To customise the behaviour of the agent, including things like data sources, edit main.tsp. Here in my scenario, I have my agent with its name and description, it then references the instructions.tsp file for its natural language instructions. I have three conversation starters which appears as sample prompts in Microsoft 365 Copilot.
@agent(
"Stage Scriptor",
"Your intelligent technology conference session authoring agent for Microsoft 365 Copilot. Use Stage Scriptor to build polished conference sessions covering Microsoft Cloud technologies, get a reminder of what you've delivered before, and prepare to publicise your next speaking opportunity."
)
@instructions(Prompts.INSTRUCTIONS)
@conversationStarter(#{
title: "Continue working on my recent session proposal",
text: "Let's continue working on the session proposal I most recently started drafting with you. Collect the details from my conference session repository and help me to finalise the abstract and content ideas."
})
@conversationStarter(#{
title: "New session proposal",
text: "I want to build out a new conference session proposal. The primary technology area is [Technology Area], and I want to target [Audience Type] audience members. Help me to draft an engaging abstract, outline the key learning objectives, and suggest a session agenda. Keep in mind anything I've delivered before where I could reuse elements whilst differentiating."
})
@conversationStarter(#{
title: "Incomplete sessions",
text: "Do I have any incomplete session proposals or drafts that I should be finishing up? Help to identify any oustanding or non-complete sessions from my session repository, and help me to work against completing them."
})
namespace StageScriptor {
// Dataverse with specific tables for session proposals access
op dataverse is AgentCapabilities.Dataverse<KnowledgeSources = [
{
hostName: "organisationurl.crm11.dynamics.com";
skill: "skillName";
tables: [
{ tableName: "dataverseTableName" }
];
}
]>;
}Declarative Agent for Microsoft 365 Copilot written in TypeSpec
In the final part of my agent tsp code here, I have the Dataverse capability referencing my organisation url in the hostName property, then I have my skill property which I need to provide the skill value I captured earlier against, then I can add table objects in an array for all of the tables I want to include here.
Publishing to Microsoft 365 Copilot
Now I have a couple of options for publishing to Copilot. For my own testing I can use F5 to preview my agent, or I can provision it to share it with others. To share it more broadly I'd recommend submitting it to your organisation admin and having them publish it to the agent store. Make sure you're signed in to Microsoft 365 in the toolkit when taking these steps and you have the ability to upload custom apps.

Dataverse agent ready!
Now let's see how things are looking. In Power Apps, I have a model-driven app that lets me manage my conference sessions, of which I have a few.

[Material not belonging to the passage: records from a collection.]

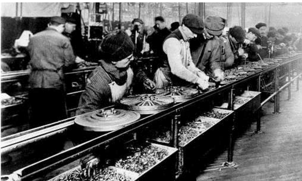
Fließbandarbeit in Amerika 20er Jahre
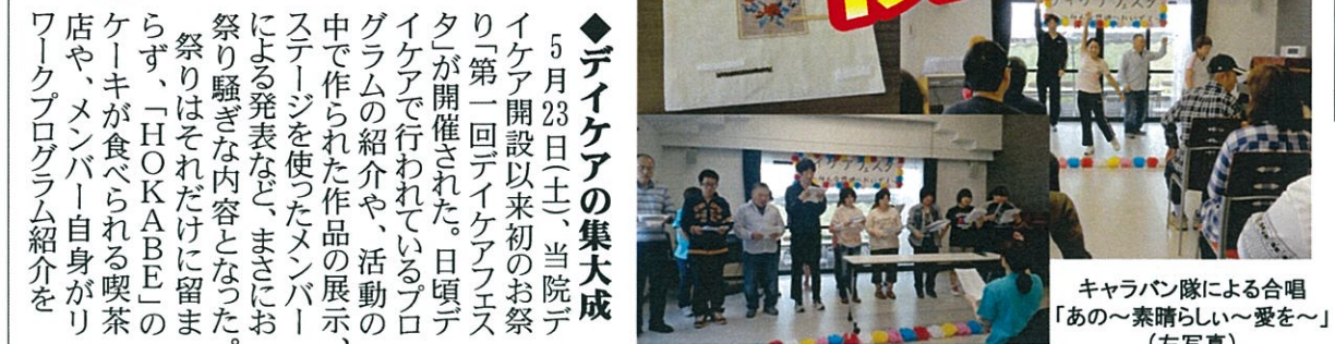
キャラバン隊による合唱「あの～素晴らしい～愛を～」(左写真)

卓球シリーズ2015 第6戦 ミナツキオープン 6月15日(月)デイケア 誰でも参加できます★
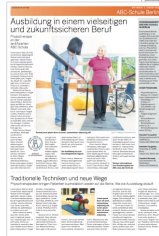
1/1 Seite BILDUNGSTIPP

Mit dem BILDUNGSTIPP vermitteln Sie positive Werte Ihrer Einrichtung / Ihres Unternehmens, welche interessierte Fachkräfte und Bewerber sehr schätzen. Die redaktionelle Anmutung hebt sich von den klassischen Anzeigen deutlich ab. Die Gestaltung erfolgt im Verlag, Sie liefern uns Ihr Text- und Bildmaterial.
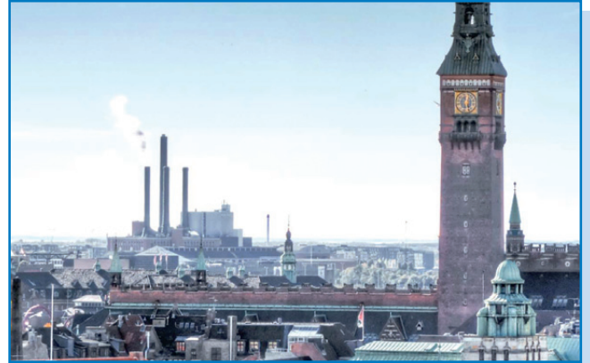
27.–28.4. kohteena on Kööpenhamina
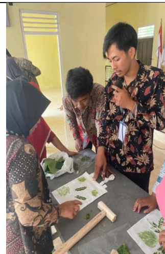
Gambar 9 Pelatihan Ecoprint
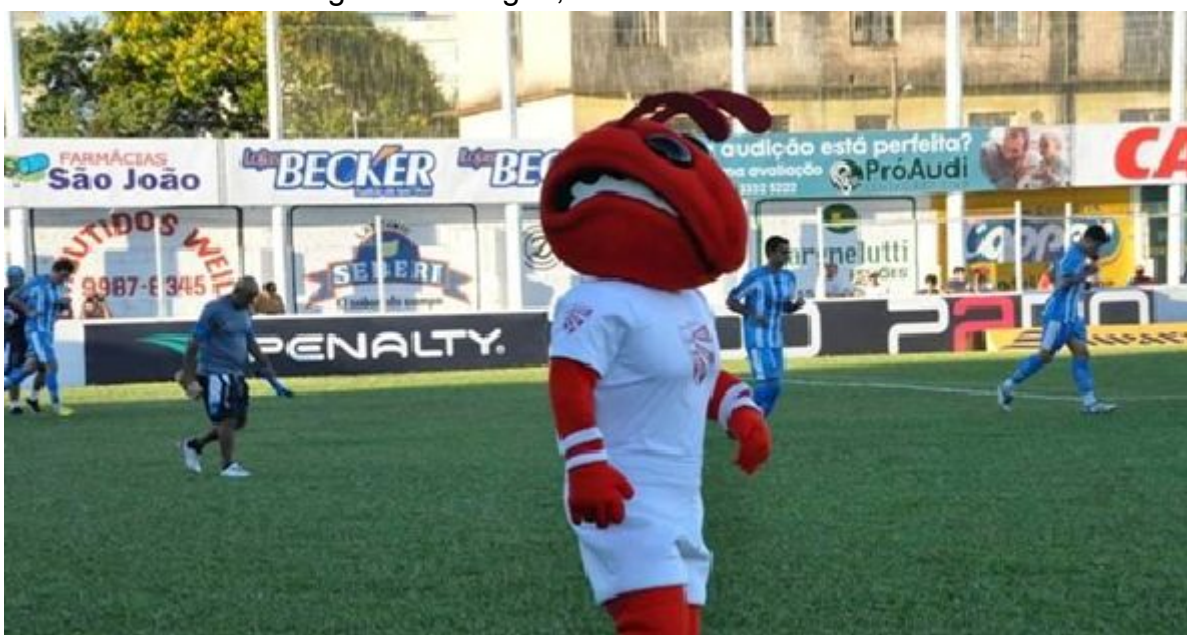
Figura 6 - Zangão, o mascote do São Luiz

Os símbolos adotados pelas torcidas, são incorporados de diversos modos, sem seguir um padrão, podendo representar e enfatizar origens sociais ou valores morais que permeiam a sociedade, [...] remeter a localidades geográficas, ao ethos de um determinado lugar, às cores, aos estereótipos sociais e étnicos, qualidades e virtudes atribuídas aos seres da natureza, animais, santos... (TOLEDO, 1996, p. 54)
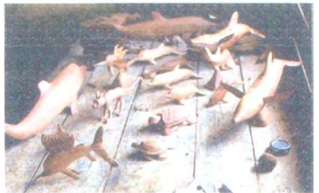
Animales tallados en oquendo

Diseñados y elaborados por Artesanas de El Valle - Bahía Solano
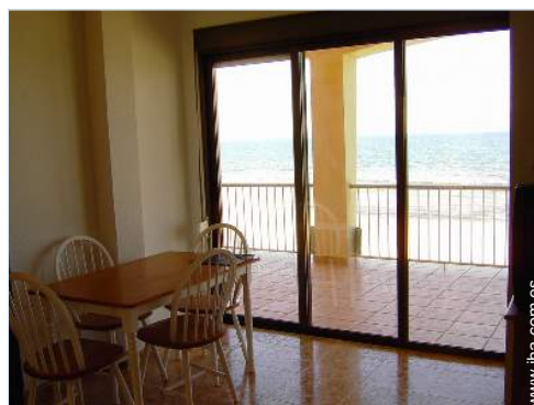
vista desde le comedor

Animales aceptados bajo condiciones (informarse con el propietario)
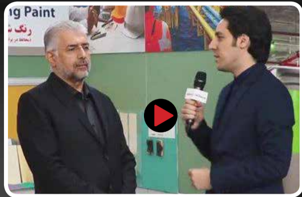
رئیس هیئت مدیره رنگ الوان در گفت و گو با "عصر ساختمان": توان تولید محصولات با کیفیت مورد نیاز پروژه های ملی را داریم
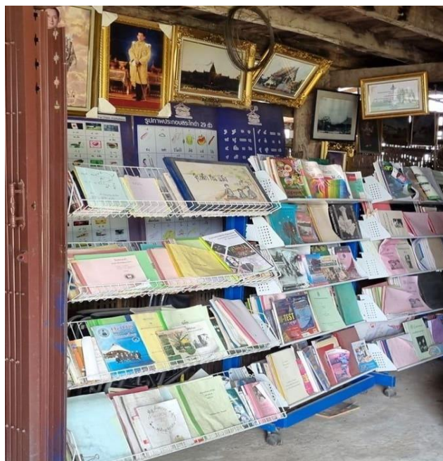
บันทึกเมื่อวันที่ 21 พฤษภาคม พ.ศ.2565

รูปภาพที่ 8 ห้องสมุดสำหรับศึกษาเรียนรู้ประวัติศาสตร์ไทดำ บ้านพิพิธภัณฑที่ไทดำบ้านนาป่า ขนาดบ้านนาป่าขนาด
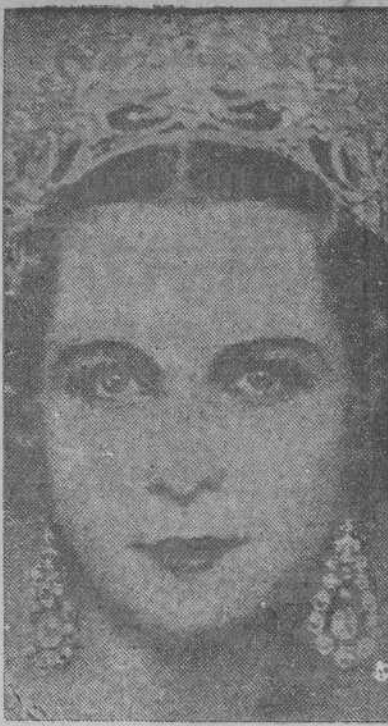
La princesa de Piemonte, esposa del heredero de Italia, que se ha refugiado en Suiza con sus cuatro hijos

Dispongo: Primero.—Las tropas de la guarnición de Roma y las fuerzas de Policía a mi disposición para la protección de la ciudad abierta de Roma, establecerán puestos de vigilancia a lo largo de la demarcación de la ciudad abierta de Roma. Segundo.—Todos los militares, cualquiera que sea su grado, que se encuentran en Roma, pertenecientes a los de-
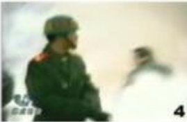
4、击打者仍保持用力姿
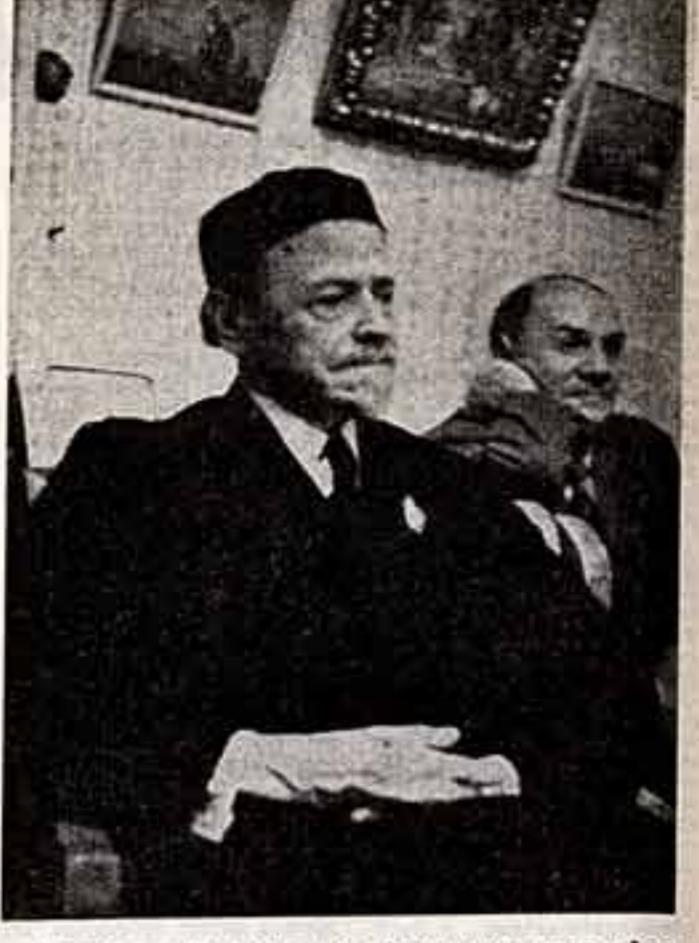
Художник М. В. Нестеров в день вручения ему ордена Трудового Красного Знамени, 1942 год.
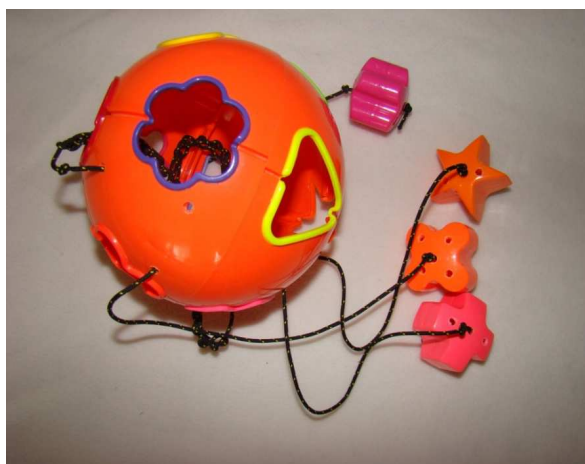
Fig. 2. Object used in the experiment to evaluate the rescuers' underwater performance.

The participants were asked to perform two rescue operations. An independent variable was introduced in the experimental operation – a completion of an additional task under water. A yellow buoy was placed at 60 metres, in the phase where the rescuer was to reach the drowning person. The task was to perform a dive at the buoy and carry out a simple logical operation at the depth of approx. 150 cm - to match and position four different elements in the holes of a submerged object. The object was a geometric figure with 12 holes hung on a rope and fixed to the buoy at the depth of 150 cm. The elements were attached to the submerged figure with thin cords securing them from being lost or dropped to the bottom (Fig.2). The second procedure, a control operation, was carried out in a standard manner, without the requirement to perform an underwater task. The presented experiment consisted in making a comparison between the effectiveness of a standard rescue operation with an operation enhanced with a certain impediment.
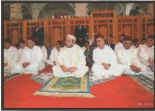
جلالة الملك محمد السادس يؤدي الصلاة
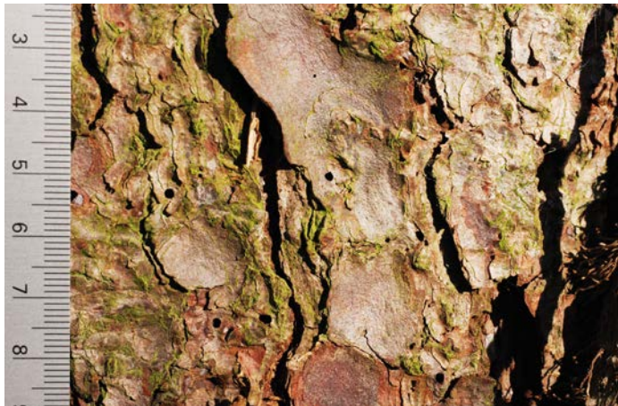
Fig. 3. Orifices d'entrée de M. emarginatum .

cas d'infestation. Si l'on racle la couche supérieure de l'écorce à l'aide d'un couteau, on découvre rapidement laquelle des deux espèces de coléoptères a provoqué les orifices d'entrée. Pour s'assurer qu'il ne s'agit pas d'une attaque mixte, il convient également d'examiner prudemment les sections de tronc concernées à la recherche de galeries (s'arrêter juste avant le cambium).
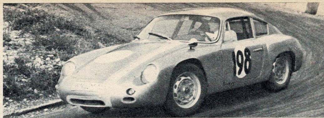
La Porsche Carrera di «Noris» verso il traguardo.
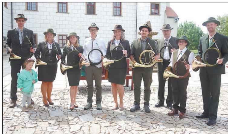
TRUBAČI z Bažantnice (na snímku) si zatroubili před bazilikou společně s kolegy Babylonskými trubači.

Myslivercký víkend a chovatelská přehlídka trofejí se konaly od pátku 3. do neděle 5. května v areálu Kulturního domu Bažantnice – Třebíč. Akce pořádal Okresní myslivecký spolek Třebíč ve spolupráci s radnicemi v Třebíči, v Moravských Budějovicích a v Náměšti nad Oslovou.
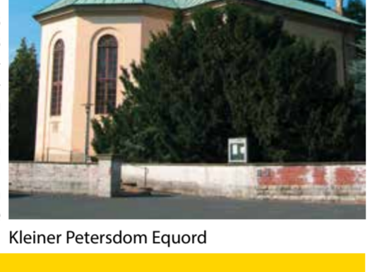
Kleiner Petersdom Equord

In nördlicher Richtung am „Gutshof Rethmar“ vorbei, dann die Bundesstraße B 65 in nördlicher Richtung überqueren. Dem Verlauf der Triftstraße folgend erreichen Sie nach ca. 1.700 m einen Wald (Landschaftsschutzgebiet „Neuloh“). Dem Straßenverlauf weiter folgen Nach ca. 500 m rechts einbiegen in das Landschaftsschutzgebiet „Billerbachwiesen“. Dem Weg 900 m folgen und leicht rechts auf ein Wäldchen zufahren Nach Überqueren einer kleinen Brücke links halten bis zur
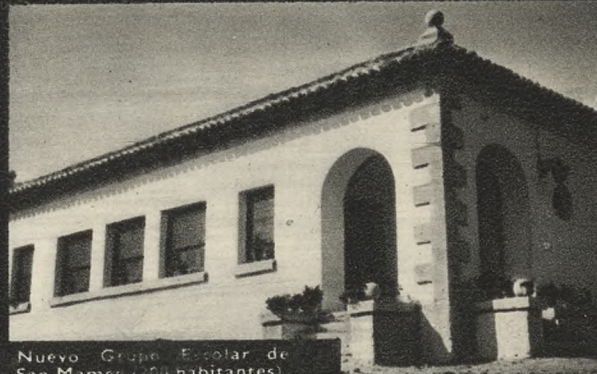
Nuevo Grupo Escolar de San Mames (200 habitantes).
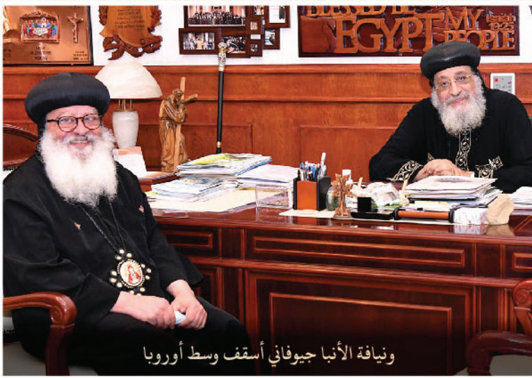
ونيافة الأنبا جيوفاني أسقف وسط أوروبا
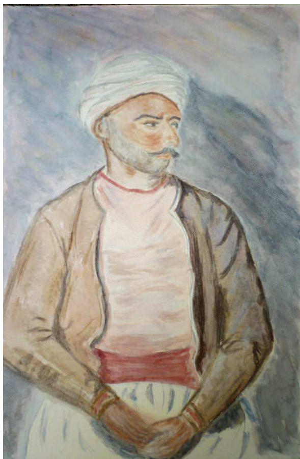
Mustapha d'après Géricault, aquarelle sur papier, 30 x 20 cm, 2017
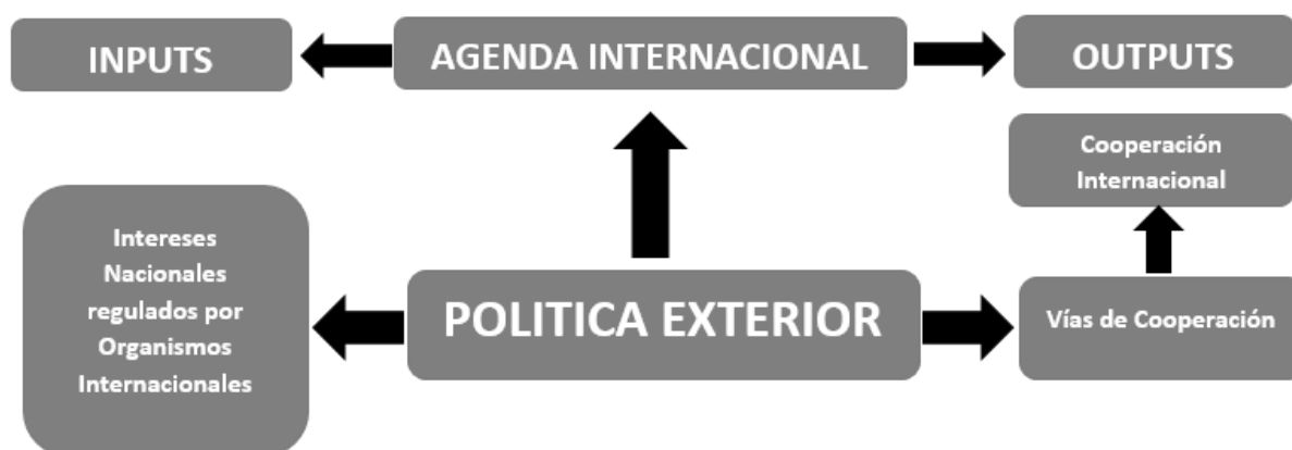
Gráfico 1 Política exterior y cooperación internacional

Fuente: Elaboración propia con datos tomados de documentos virtuales (Pedraza Beleño, Jose Adolfo | Duarte Herrera, Lisbeth Katherine, 2016).

When I query Copilot about my conference sessions, it now reasons over my content in Dataverse and responds with it in mind when I prompt it with relevant queries.

Differences to publishing a Copilot Studio agent
Now, we'd be able to achieve most of this with a Copilot Studio agent published to Microsoft 365 Copilot, whether declarative or custom engine. The difference we have here, is that I'm now able to continue to develop my declarative agent further than what Copilot Studio lets me achieve, using capabilities like adaptive cards for API responses, and leveraging the Office JavaScript library for native interaction with the UX in Office applications.